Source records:
◆ ◆ ◆ ◆ ◆

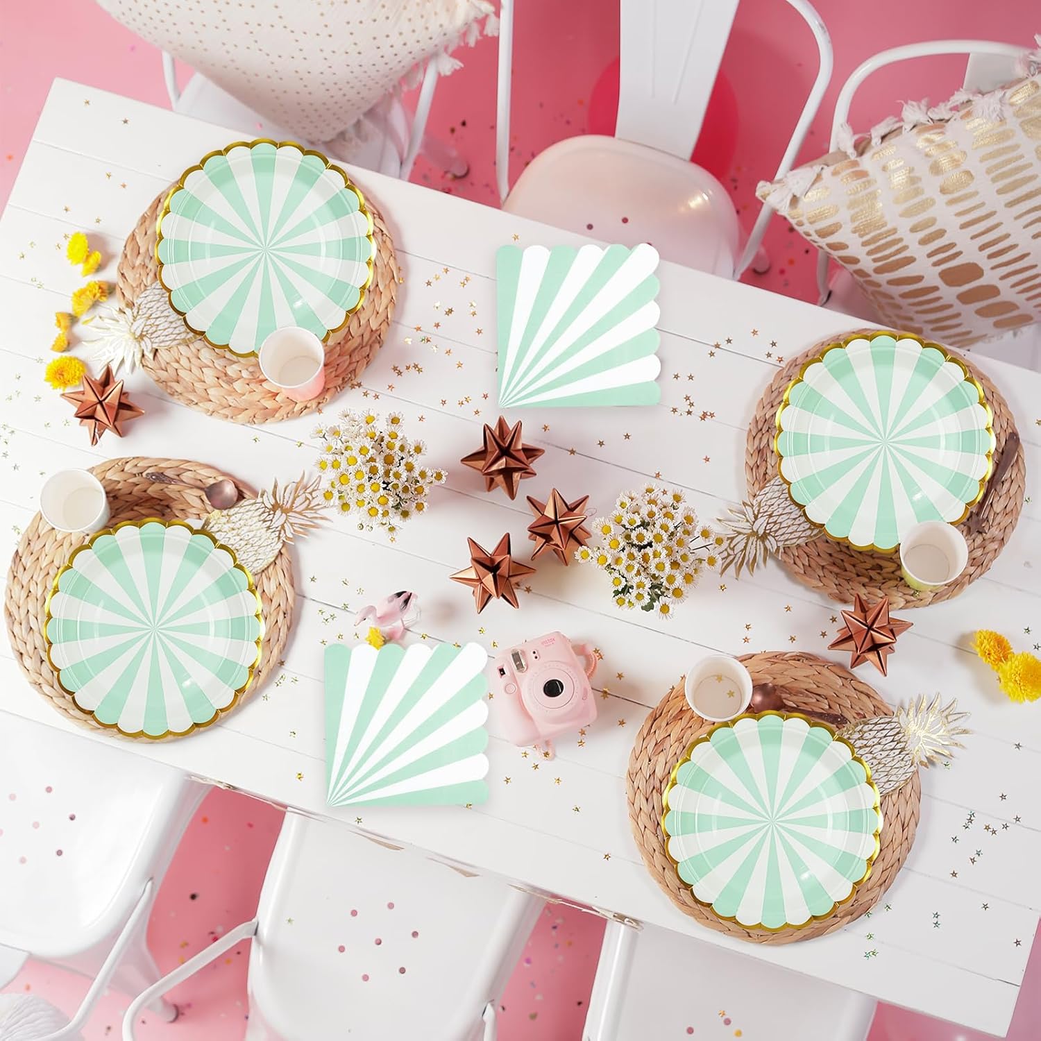72PCS Sage Green Paper Plates and Napkins Party Supplies, Gold Foil Edge Scalloped Striped Plates Napkins Disposable Tableware Set for Birthday Wedding Baby Shower Party Decoration (Green)
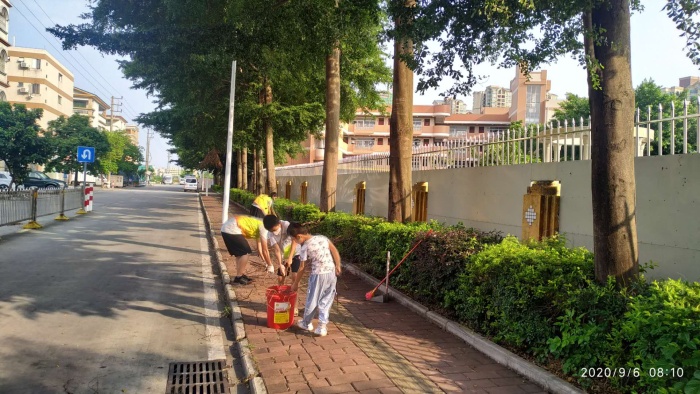 教務(wù)主任莫振佩帶領(lǐng)部分人員負(fù)責(zé)校門口廣學(xué)路的垃圾清理,主要包括移除校園周邊花圃里的枯樹枝,清除白色垃圾、煙頭,清掃路邊的樹葉等,大家?guī)R清潔工具很快行動(dòng),個(gè)別家長志愿者也主動(dòng)加入勞動(dòng)隊(duì)伍。德育主任許向陽帶領(lǐng)各年級(jí)級(jí)長們對(duì)各年級(jí)的教室、走廊、廁所等衛(wèi)生情況進(jìn)行全面排查,對(duì)有疏漏部分立即處理。德育主任梁超勝負(fù)責(zé)廚房的衛(wèi)生檢查以及校門口、班級(jí)、校車上疫情防控物資的落實(shí),如人體測溫儀、消毒液、防護(hù)口罩等。校長黃飛躍負(fù)責(zé)張貼校門口“一米間隔”防控標(biāo)識(shí)和宣傳標(biāo)語。經(jīng)過一個(gè)小時(shí)的奮戰(zhàn),自查整改工作初步完成。
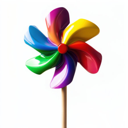 A Rainbow pinwheel spinning in breeze, proud symbol of joy and color
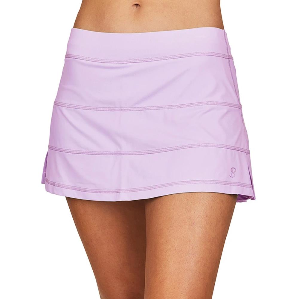 Flattering style in lovely lavender. Serve up an ace in this 13” tennis skort. Crafted with Sofibella’s Sofi-premier fabric, built-in short and a feminine back pleat detail. This sporty piece can be combined with any Sofibella UV Color top.
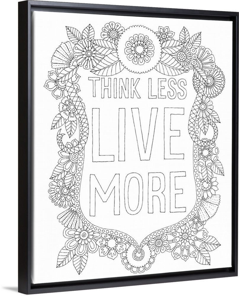 <p>Black and white line art of a floral design with the phrase "Think Less Live More" written in the middle.</p>
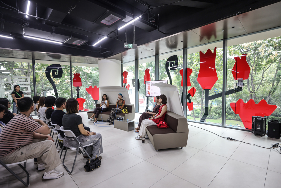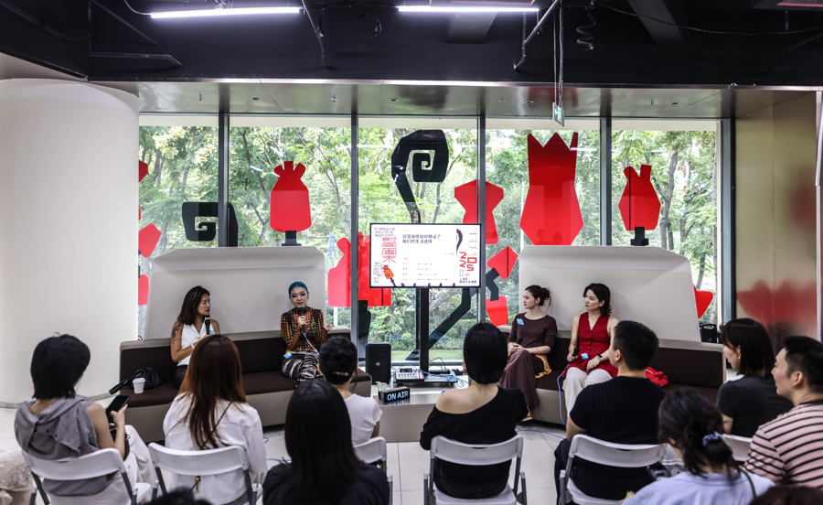 10月13日下午,在“崭新旧时光”论坛空间,主办方首度联合小宇宙App,邀请竹子、沸沸、洛怀、七七多位播客博主围绕“日常穿搭如何预设生活选择”展开讨论;示場主理人蒋姗姗与独立设计师深度探讨“审美重要吗”这一有趣话题,透过与众不同的视角解读时尚审美。

◆ ◆ ◆ ◆ ◆

Please return only the lines running from the line with "Flattering style in" to the final line of the data, both included, exactly and without any pictures.

**Reply to the task**
 Flattering style in lovely lavender. Serve up an ace in this 13” tennis skort. Crafted with Sofibella’s Sofi-premier fabric, built-in short and a feminine back pleat detail. This sporty piece can be combined with any Sofibella UV Color top.
 <p>Black and white line art of a floral design with the phrase "Think Less Live More" written in the middle.</p>
 10月13日下午,在“崭新旧时光”论坛空间,主办方首度联合小宇宙App,邀请竹子、沸沸、洛怀、七七多位播客博主围绕“日常穿搭如何预设生活选择”展开讨论;示場主理人蒋姗姗与独立设计师深度探讨“审美重要吗”这一有趣话题,透过与众不同的视角解读时尚审美。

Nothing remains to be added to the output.